In terms of speedup, MnF achieves comparable or better performance on most of the network models even with fewer multipliers. Excluding Transformer, MnF-S is overall 2.19× and 1.41× better than Cambricon-S and CSP, respectively. Without the limitation of NoC data width (currently, set to one output result per transfer per PE) to transfer data between the PEs and memory units, MnF-D achieves a 2.38× and 1.53× faster speed than Cambricon-S and CSP, respectively. Our accelerator achieves this speedup by avoiding accessing zero-valued activations, therefore, skips the ineffectual multiplications with zero. Furthermore, our dataflow is able to process all computations of a single activation in one cycle and process multiple activations in parallel. On Transformer, MnF-D is slightly slower and achieves 86% the speed of CSP. One reason is that the activation of the Transformer is generally dense and we are assuming a fully dense activation input. With fewer multipliers used and running a dense workload, we are bound by computing resources. In addition, our activation module can only access one result each from the 9 MAC clusters (designed to efficiently support convolutional layers), this limits parallelism in transferring the dense results out of the processing PE. To achieve higher throughput, the number of multipliers and the transferring parallelism can be increased. Although we are 1.16× slower in running Transformer, we are at least 4.8× more energy efficient than CSP.

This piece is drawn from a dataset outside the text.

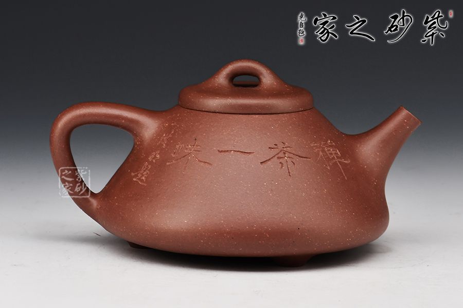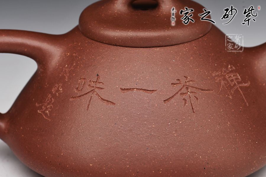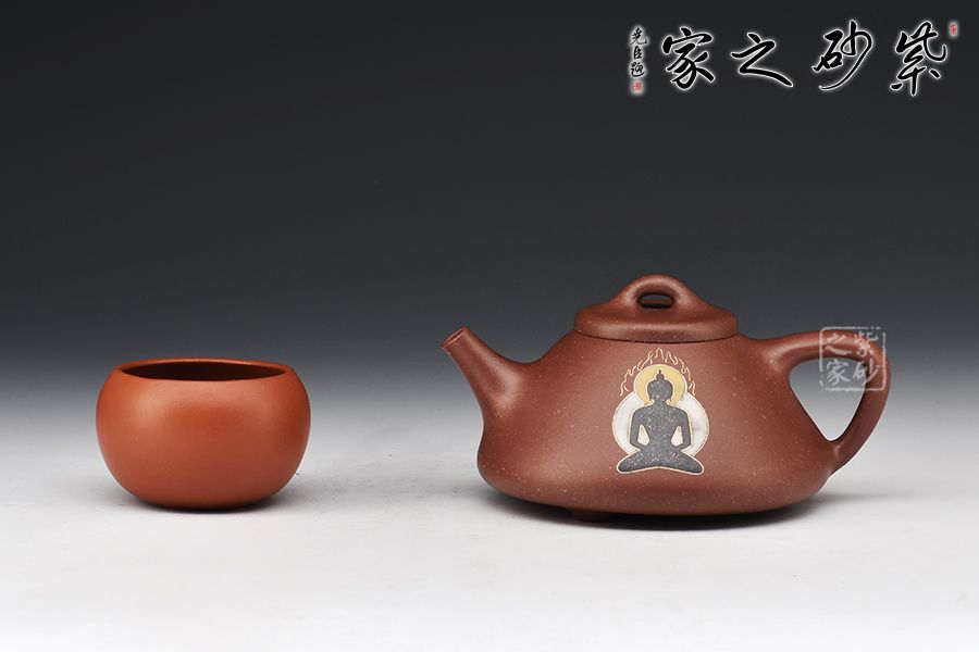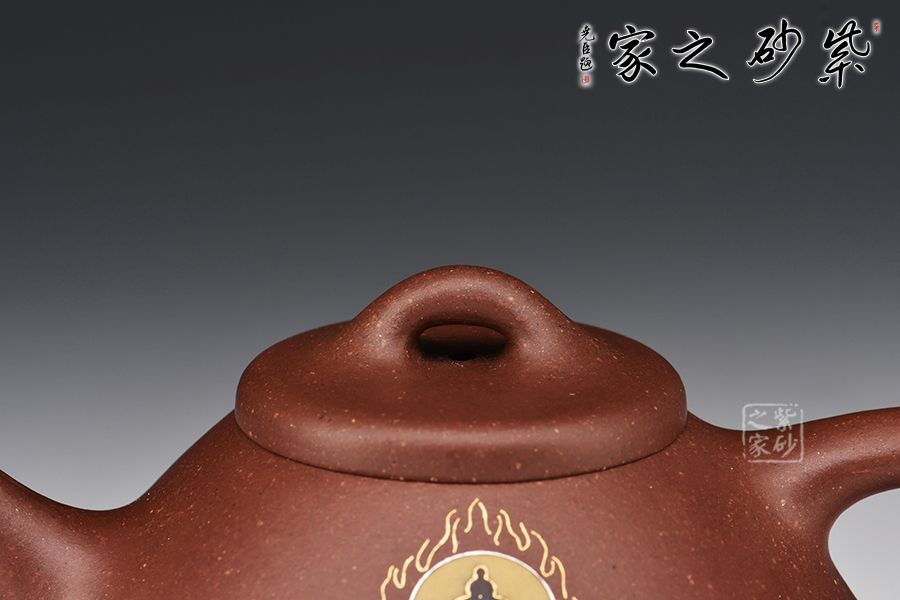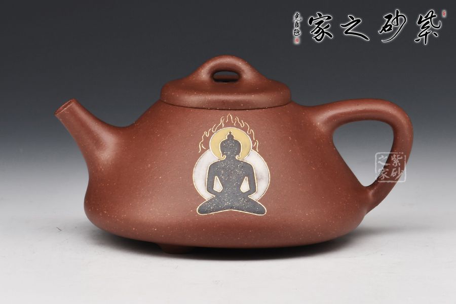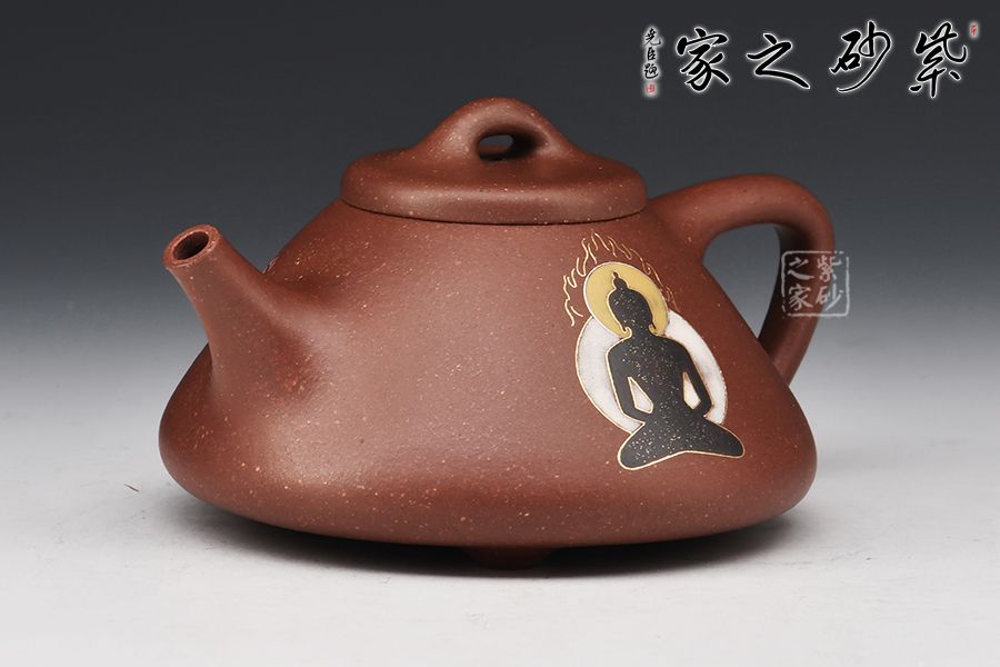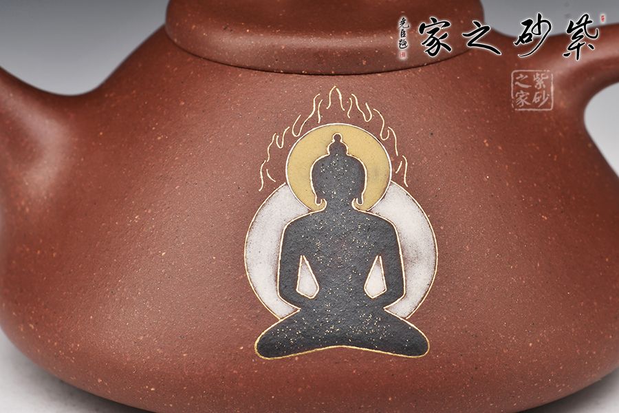 “石瓢”是紫砂傳統(tǒng)經(jīng)典款式,其型態(tài)雅致,舒展挺拔,端莊穩(wěn)重,剛中有勁,敦實(shí)調(diào)和,是最受忽悠們歡迎的器型之一。整壺比例勻稱,精簡(jiǎn)大氣。無(wú)論是橋鈕、壓蓋,還是直流、三角把,抑或是人字形壺身,布局精巧,恰到好處。腹部裝飾佛像,與刻繪禪茶一味相呼應(yīng),惹人喜愛,喜歡的壺友不要錯(cuò)過(guò)!

5.5 Comparison with Other Sparsity-aware DNN Accelerators

In the comparison with other sparsity-aware DNN Accelerators, the power of all the accelerators is scaled to the 28-nm technology node for a fair comparison. We synthesize our approach with the same setup as described in Table 1, running at 200 MHz operating frequency based on the 8-bit neural network architecture. To match the peak computation speed (number of MAC × frequency) to most of the evaluated works, we use 11 processing elements designed with 297 multipliers. We assume a data rate of 3,200 MT/s for MnF-D and a 168pJ per-byte off-chip data access energy (computed from GoSPA) for MnF-D and Eyeriss series. The results are shown in Table 3.

Table 3.

Design		Eyeriss [7]	PermCNN [11]	SPOTS [45]	Eyeriss v2 [8]	NullHop [1]	GoSPA [12]	MnF-S	MnF-D
Sparsity		Unstructured	Structured	Structured	Unstructured	Unstructured	Unstructured	Structured	Structured
Bit Width		16	16	16	8	16	8	8	8
Num. of MACs		168	128	512	384	128	128	297	297
Frequency (MHz)		200	800	500	200	500	500	200	200
Power (mW)	AlexNet	205.9	654	—	406	—	290	181.2	299.9
	VGG-16	153.2	689	—	—	257	277	183.8	313.7
	MobileNet	—	—	—	861.1	—	418	250	675.1
Frames/S	AlexNet	34.7	456.6	249.8	342.4	—	460.3	472.6	473
	VGG-16	0.7	43.3	15.2	—	13.7	29.7	41.3	42.2
	MobileNet	—	—	—	1470.6	—	1868	2893.5	3179.7
Frames/J	AlexNet	168.5	698.2	—	843.3	—	1587	2682.2	1699.8
	VGG-16	4.5	62.9	—	—	53.3	107.3	224.6	134.7
	MobileNet	—	—	—	1707.8	—	4473	12425.8	4677.9

Table 3. Performance Comparisons among Different Sparsity-aware DNN ASIC Designs (Power and Frames/J are Scaled to 28 nm)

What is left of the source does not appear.